◆ **INPUT MATERIAL**

------------

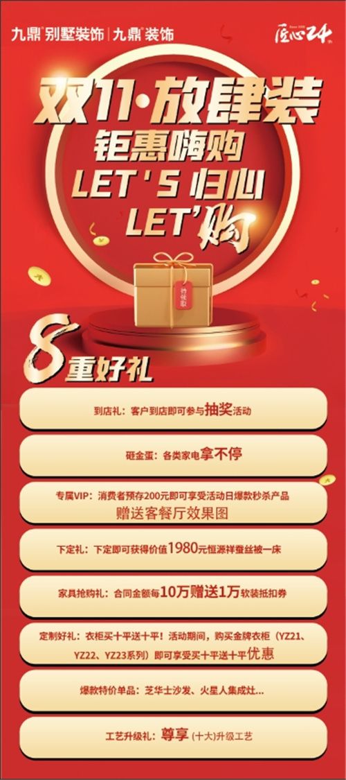24年來,九鼎裝飾立足浙江,自成立以來,九鼎裝飾秉持“口碑相傳,永續(xù)經(jīng)營”的理念,堅(jiān)持匠心精神,以優(yōu)秀的設(shè)計(jì)、嚴(yán)格的管理、精湛的工藝、環(huán)保的材料和真誠的服務(wù),讓每一位客戶都享受到獨(dú)特而快樂的裝修之旅。 “雙十一.放肆裝”百城聯(lián)動(dòng)到來之際,九鼎裝飾總部將聯(lián)合全國各城市公司隆重推出雙11鉅惠慶典,以勁爆活動(dòng)答謝您一路來的不離不棄。 八重好禮鉅惠享不停 到店禮:客戶到店即可參與抽獎(jiǎng)活動(dòng) 砸金蛋:各類家電拿不停 專屬VIP:消費(fèi)者預(yù)存200元即可享受活動(dòng)日爆款秒殺產(chǎn)品 贈(zèng)送客餐廳效果圖 下定禮:下定即可獲得價(jià)值1980元恒源祥蠶絲被一床 家具搶購禮:合同金額每日一題萬贈(zèng)送1萬軟裝抵扣券 定制好禮:衣柜買十平送十平!活動(dòng)期間,購買金牌衣柜(YZ21、YZ22、YZ23系列)即可享受買十平送十平優(yōu)惠 爆款特價(jià)單品:芝華士沙發(fā)、火星人集成灶 工藝升級(jí)禮:尊享(十大)升級(jí)工藝
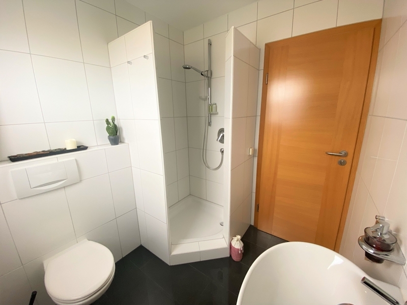 - Tageslichtbad mit Dusche, Doppelwaschbecken und WC im EG
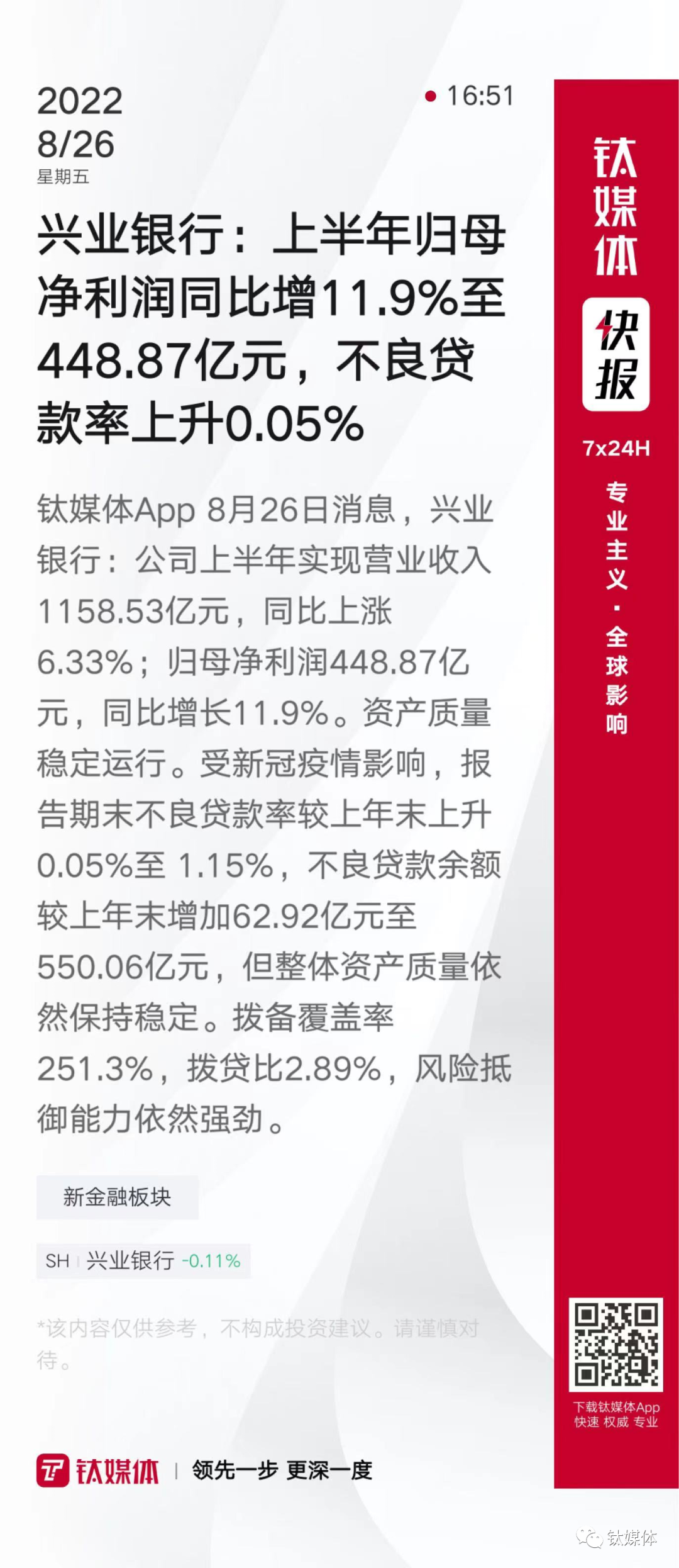 【兴业银行:上半年归母净利润同比增11.9%至448.87亿元,不良贷款率上升0.05%】
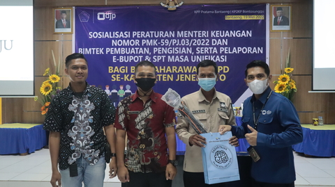 Kantor Pelayanan, Penyuluhan, dan Konsultasi Perpajakan (KP2KP) Bontsosunggu bersama Kantor Pelayanan Pajak (KPP) Pratama Bantaeng mengadakan kegiatan Sosialisasi dan Bimtek kepada Bendaharawan SKPD Jeneponto di Aula KPP Pratama Bantaeng (Kamis, 19/05).
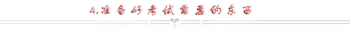 首先是準(zhǔn)考證、身份證這樣重要的證件,另外是考試需要的文具了。多準(zhǔn)備幾只黑色中性筆,不要討論什么圓珠筆能不能用之類的,現(xiàn)在辦公都是使用中性筆了,而且顏色純正比較正式,考試的時(shí)候還是給閱卷老師一個(gè)清爽規(guī)范的感覺(jué)。2B鉛筆、橡皮擦、小刀、計(jì)算器(科學(xué)計(jì)算器足矣);當(dāng)然更重要的是要帶上一塊表,時(shí)刻提醒和控制自己的答題時(shí)間,不要因?yàn)橐粌蓚€(gè)難題浪費(fèi)了時(shí)間、影響了大局。
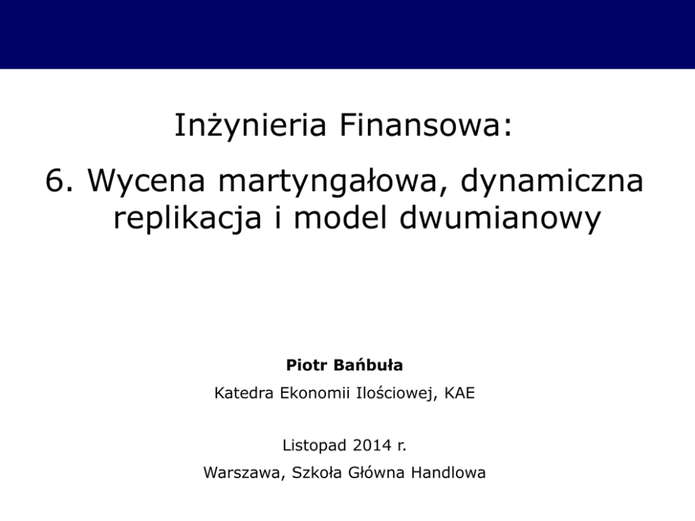 Inżynieria Finansowa: 6. Wycena martyngałowa, dynamiczna replikacja i model dwumianowy Piotr Bańbuła Katedra Ekonomii Ilościowej, KAE Listopad 2014 r. Warszawa, Szkoła Główna Handlowa Wycena pochodnych: ułatwiona Stworzenie statycznego portfela replikującego służącego do określenia ceny pewnego instrumentu wymaga: Istnienia odpowiedniej ilości płynnych aktywów bazowych Liniowej zależności pomiędzy ceną instrumentu replikowanego i aktywów użytych do replikacji Jeśli cena instrumentu pochodnego zmienia się liniowo wraz ze zmianą ceny aktywu bazowego możliwa jest statyczna replikacja, gdyż wartość portfela replikującego zmienia się proporcjonalnie do zmian cen bazowego Wycena pochodnych: utrudniona Kiedy: Istnieje odpowiednia ilość płynnych aktywów bazowych, ale Zależności pomiędzy ceną instrumentu replikowanego i aktywów bazowych (używanych do replikacji) jest nieliniowa – zmiany cen obydwu nie są stabilnie proporcjonalne Konieczna jest dynamiczna replikacja. Przykład: zabezpieczenie pozycji opcyjnej Wystawiliśmy opcję kupna 100 akcji o terminie zapadalności 1Y, K=105, przy cenie bieżącej S0=100. Stopa procentowa wynosi 5%. Chcemy zabezpieczyć ryzyko, jakie generuje pozycja opcyjna (koszt tego zabezpieczenia powie nam jednocześnie ile opcja powinna kosztować). Rozważmy trzy strategie zabezpieczenia: 1. Kupujemy 100 akcji już dziś za pożyczone pieniądze 2. Brak zakupu jakichkolwiek akcji 3. Kupujemy 50 akcji już dziś za pożyczone pieniądze (np. szacujemy, że istnieje 50% szans na wykonanie kontraktu) Przy trzech scenariuszach zmiany cen: 1. Cena wzrośnie do 120 2. Cena pozostanie bez zmian 3. Cena spadnie do 80 Przykład: zabezpieczenie pozycji opcyjnej Wyniki z poszczególnych strategii są następujące: 1. 𝜋 𝑇 = − 𝐦𝐚𝐱 𝑺𝑻 − 𝑲, 𝟎 + 𝑺𝑻 − 𝑲 − 𝒆𝒓𝝉 𝑺𝒕𝟎 100 2. 𝜋 𝑇 = − 𝒎𝒂𝒙 𝑺𝑻 − 𝑲, 𝟎 100 3. 𝜋 𝑇 = − 𝒎𝒂𝒙 𝑺𝑻 − 𝑲, 𝟎 100 + 𝑺𝑻 − 𝑲 − 𝒆𝒓𝝉 𝑺𝒕𝟎 50 100% 0% 50% 𝐒𝐓 =120 0 -15 -7,5 𝐒𝐓 =100 -5 0 -2,5 𝐒𝐓 =80 -25 0 -12,5 Wniosek: żadna ze strategii nas nie zabezpieczyła (zabezpieczenie oznaczałoby, że niezależnie od scenariusza nasz wynik pozostaje taki sam i wynosi 0) Dynamiczna replikacja Portfel replikujący: Dokładnie odzwierciedla końcowe wypłaty z wycenianego instrumentu Nie wymaga wypłat ani wpłat pieniędzy Zwykle ma zmienną strukturę na przestrzeni czasu Ta metoda wymaga określenia charakteru współzależności pomiędzy cenami instrumentu wycenianego (replikowanego) i aktywu bazowego Model (drzewo) dwumianowe Równania różniczkowe cząstkowe Stochastyczne równania różniczkowe Jednookresowy model dwumianowy - założenia Rozpatrujemy tylko dwa punkty w czasie: t0 (w skrócie 0) oraz T Dwa aktywa na rynku: pozbawiona ryzyka obligacja zerokuponowa B(0,T), która jest także utożsamiana z rachunkiem bankowym i daje deterministyczny dochód B 0, 𝑇 = 𝐷𝐹 0, 𝑇 = 1/(1 + 𝐿𝑟) = 𝑒 −𝑟𝜏 gdzie 𝜏 = ∆(0, 𝑇) Aktywo obarczone ryzykiem, którego wartość (cena) w chwili obecnej jest znana: 𝑆0 nie przynosi dochodu w okresie [0,T] i ma losową wartość (cenę) w T: 𝑆𝑇 = gdzie 0 < D < U 𝑆0 𝑈 z prawdopodobieństwem "𝑝" 𝑆0 D z prawdopodobieństwem "1 − 𝑝" Jednookresowy model dwumianowy - schemat 𝑆𝑇,𝑈 = 𝑆𝑡0 𝑈 𝑝 𝑆𝑡0 1−𝑝 t0 𝑆𝑇,𝐷 = 𝑆𝑡0 𝐷 T Jednookresowy model dwumianowy - założenia Wartość ryzykownego aktywu w momencie T możemy także zapisać jako: 𝑆𝑇 = 𝑆0 𝑍 gdzie Z jest zmienną losową: 𝑍= 𝑈 D z prawdopodobieństwem "𝑝" z prawdopodobieństwem "1 − 𝑝" Wartość europejskiego instrument pochodnego X wystawionego na aktywo S w terminie zapadalności jest zmienną losową opisanego pewną funkcją 𝜑: 𝑋𝑇 = 𝜑(𝑆𝑇 ) Np. dla opcji kupna ta funkcja ma postać: 𝑋𝑇 = 𝜑(𝑆𝑇 ) = max 𝑆𝑇 − 𝐾, 0 = max 𝑆0 𝑍 − 𝐾, 0 Model dwumianowy - przykład 35.1 ∙ 𝑈 = 35.1 ∙ 1.17 = 41 0.7 35.1 0.3 35.1 ∙ 𝐷 = 35.1 ∙ 0.85 = 30 Bieżąca cena obligacji wolnej od ryzyka: 𝐵 0, 𝑇 = 0.965 Cena obligacji w terminie zapadalności (pewna): 𝐵 𝑇 = 1 𝐵 0, 𝑇 = 1/(1 + 𝑟) zatem stopa wolna od ryzyka: 𝑟 = 3.6% Jak jest oczekiwana stopa zwrotu z ryzykownego aktywu? Przykład – c.d. 0.7 𝑆𝑇 = 35.1 ∙ 𝑈 = 35.1 ∙ 1.17 = 41 𝐵(𝑇) = 1 𝑆0 = 35.1 𝐵(0, 𝑇) = 0.965 0.3 𝑆𝑇 = 35.1 ∙ 𝐷 = 35.1 ∙ 0.85 = 30 𝐵(𝑇) = 1 𝐸 𝑃 𝑆𝑇 = 0.7 ∙ 41 + 0.3 ∙ 30 = 37.7 stąd: 𝑝 = 35.1 < 𝑒 −0.042 37.7 ≈ 36.4 Cena 𝑆0 jest niższa niż bieżąca wartość oczekiwana wypłat 𝑒 −𝑟 𝐸 𝑃 𝑆𝑇 : Jaka jest oczekiwana stopa zwrotu z akcji? 𝐸𝑃 𝑅𝑆 𝑆0 𝑈 𝑆0 𝐷 41 30 =𝑝 + 1−𝑝 = 0.7 + 0.3 = 0.7 ∙ 1.17 + 0.3 ∙ 0.85 = 1.074 𝑆0 𝑆0 35.1 35.1 𝑅𝑆 = 1 + 𝑟 →= 7.4% Przykład – c.d. 0.7 𝑆𝑇 = 35.1 ∙ 𝑈 = 35.1 ∙ 1.17 = 41 𝐵(𝑇) = 1 𝑆0 = 35.1 𝐵(0, 𝑇) = 0.965 0.3 𝑆𝑇 = 35.1 ∙ 𝐷 = 35.1 ∙ 0.85 = 30 𝐵(𝑇) = 1 𝐸 𝑃 𝑆𝑇 = 0.7 ∙ 41 + 0.3 ∙ 30 = 37.7 stąd: 𝑝 = 35.1 < 𝑒 −0.042 37.7 ≈ 36.4 Cena 𝑆0 jest niższa niż bieżąca wartość oczekiwana wypłat 𝑒 −𝑟 𝐸 𝑃 𝑆𝑇 : Jaka jest oczekiwana stopa zwrotu z akcji? 𝐸𝑃 𝑅𝑆 𝑆0 𝑈 𝑆0 𝐷 41 30 =𝑝 + 1−𝑝 = 0.7 + 0.3 = 0.7 ∙ 1.17 + 0.3 ∙ 0.85 = 1.074 𝑆0 𝑆0 35.1 35.1 𝑅𝑆 = 1 + 𝑟 →= 7.4% WZÓR wyceny aktywów Cena 𝑝𝑖 = 𝐸(𝑚𝑥𝑖 ) Oczekiwania (prawdopodobieństwo) Czynnik dyskontujący Wypłaty To podstawowy wzór klasycznej wyceny aktywów Co jest ważne? Wypłaty x Mechanizmy oczekiwań E Czynnik dyskontujący m (zależny od preferencji stochastic discount factor, zwany zależnie od okoliczności także state-price density, pricing 
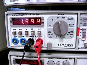 Mit der ersten Messung wurde festgestellt, ob beispielsweise Masse an den Punkten anliegt, an denen sie soll, danach folgten auf gleich Weise positive und negative Spannung, etc. – ob also die Leiterbahnen korrekt verlegt wurden.
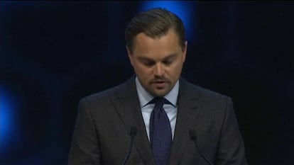 Su lucha contra el cambio climático le ha llevado hasta los glaciares del Ártico y a países africanos, así como a involucrarse en la producción y rodaje de documentales. Incluso ha organizado y participado en subastas para recaudar fondos. El actor aprovechó su discurso, que escucharon, entre otros, el vicepresidente de Estados Unidos, Joe Biden, para instar a los líderes políticos y económicos a cumplir los compromisos para limitar el calentamiento global alcanzados en la Cumbre del Clima celebrada en París el pasado diciembre. “Nuestro planeta no puede ser salvado a menos que dejemos los combustibles fósiles bajo tierra, que es donde pertenecen. Hace 20 años describimos este problema como una adicción, hoy tenemos los medios para poner fin a esta dependencia”, dijo DiCaprio, mensajero de la paz de la ONU.

------------

◆ **EXERCISE AIM**
Copying starts at the line containing "Mit der ersten" and ends at the last line of the material above; repeat only those lines exactly and omit the pictures.

◆ **WORKED SOLUTION**
 Mit der ersten Messung wurde festgestellt, ob beispielsweise Masse an den Punkten anliegt, an denen sie soll, danach folgten auf gleich Weise positive und negative Spannung, etc. – ob also die Leiterbahnen korrekt verlegt wurden.
 Su lucha contra el cambio climático le ha llevado hasta los glaciares del Ártico y a países africanos, así como a involucrarse en la producción y rodaje de documentales. Incluso ha organizado y participado en subastas para recaudar fondos. El actor aprovechó su discurso, que escucharon, entre otros, el vicepresidente de Estados Unidos, Joe Biden, para instar a los líderes políticos y económicos a cumplir los compromisos para limitar el calentamiento global alcanzados en la Cumbre del Clima celebrada en París el pasado diciembre. “Nuestro planeta no puede ser salvado a menos que dejemos los combustibles fósiles bajo tierra, que es donde pertenecen. Hace 20 años describimos este problema como una adicción, hoy tenemos los medios para poner fin a esta dependencia”, dijo DiCaprio, mensajero de la paz de la ONU.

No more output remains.